My book, Launch Your Android App, is available at Amazon.com.
-
Well, at least it should not be possible to copy or cut a password... Only pasting them might be a good compromise for those who trust passwords managers... That way, you have the main advantage of making harder to users to manually copy one field to another while filling the form (those preventing mistyping to be permanent) while allowing pasting from other sources...
Philippe Mori
Consider also, typing your password on your phone or device. It's quite terrible to have to do it if yo have a long / complex password. I believe apps and sites should allow paste always. Doing otherwise encourages users to use easy-to-type passwords which are most likely weak. :)

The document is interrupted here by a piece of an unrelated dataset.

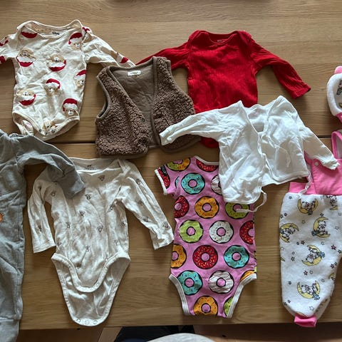 Pääosin 62-68 koon hyväkuntoiset vauvan vaatteet.Osa enemmän käytettyjä ja osa ihan käyttämättömiä.Ei lemmikkejä.Vain nouto

My book, Launch Your Android App, is available at Amazon.com.
-
I was signing up to a website yesterday only to find that they had disabled pasting into the password and confirm password fields. Not only that, but having completed the painful process of registering (they had also disabled auto-complete) I found that they also don't allow pasting into the username/password boxes at login time. Personally I fail to see how any of this achieves anything beyond: 1) Making their website a complete pain in the bottom. 2) Encouraging people to use short and memorable passwords - which is surely not a good idea on a site that handles money. Is there something that I'm missing here or is it simply a case of a dev team making some really, really bad UX decisions?